1. A method for layered color mixing printing of planar color content using an FDM printer, characterized in that, Includes the following steps: Step 1: Perform preliminary preprocessing on the color information of the graphic content to remove unwanted colors and unclear outline features; Step 2: Using the multi-layer color inverse solution system based on the improved Kubelka-Munk model, the color values ​​of each layer (Layer1, Layer2, Layer3, Layer4) are accurately calculated in reverse according to the target printing color effect and the optical characteristics data of the consumables, ensuring that the color of each layer strictly conforms to the actual color rendering capability range of the consumables. Step 3: Print the layered results layer by layer according to a specific thickness and order. The final effect is presented on the contact surface between the printed part and the hot plate.

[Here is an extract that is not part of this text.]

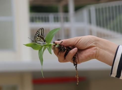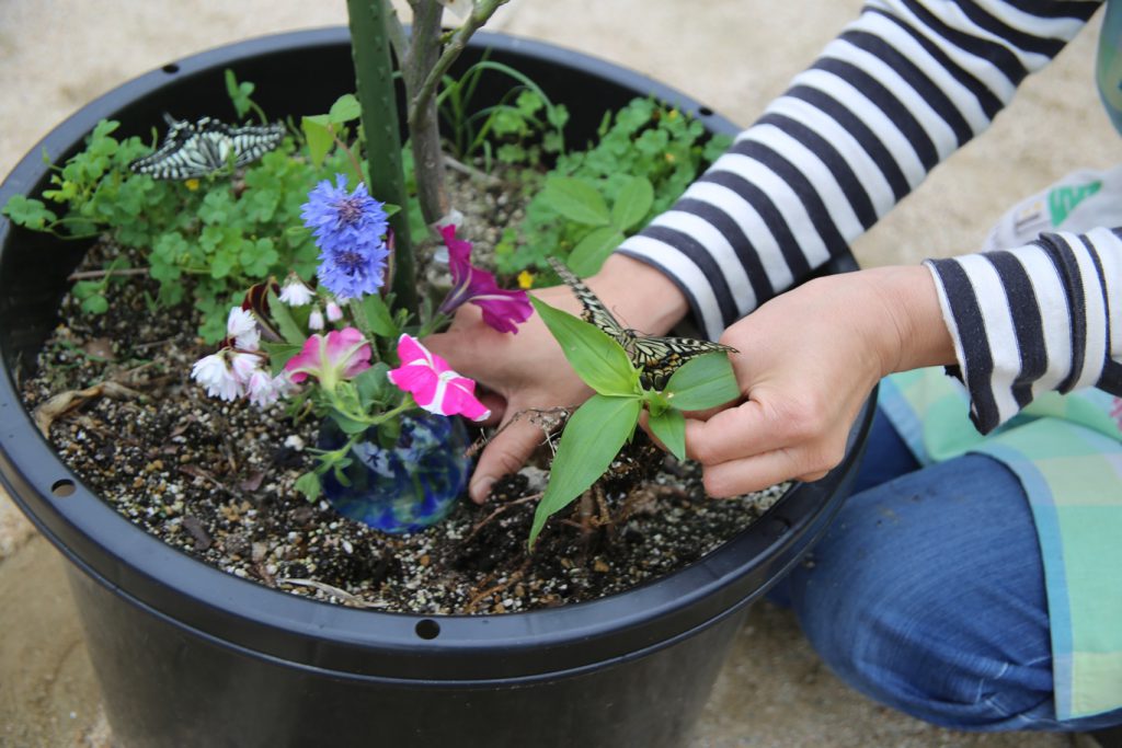 そこで、ミカンの木で蛹になったのを見計らい、

2. The layered color mixing printing method using an FDM multicolor printer according to claim 1, characterized in that, In step one, the target color content is converted into a vector, and discrete noise and blurred edges are eliminated by path fitting; the purified vector graphics are then rasterized back into a bitmap.

3. A method for layered color mixing printing using an FDM multicolor printer according to claim 1, characterized in that, The color layering of the image in step two was achieved by inversely solving the improved Kubelka-Munk model.

4. A layered color mixing printing method using an FDM multicolor printer according to claim 1, characterized in that, In step three, the layer-by-layer printing is set with a layer height of 0.1mm, and the layer sequence is optimized by placing dark and high-viscosity layers at the bottom and light and low-viscosity layers at the top.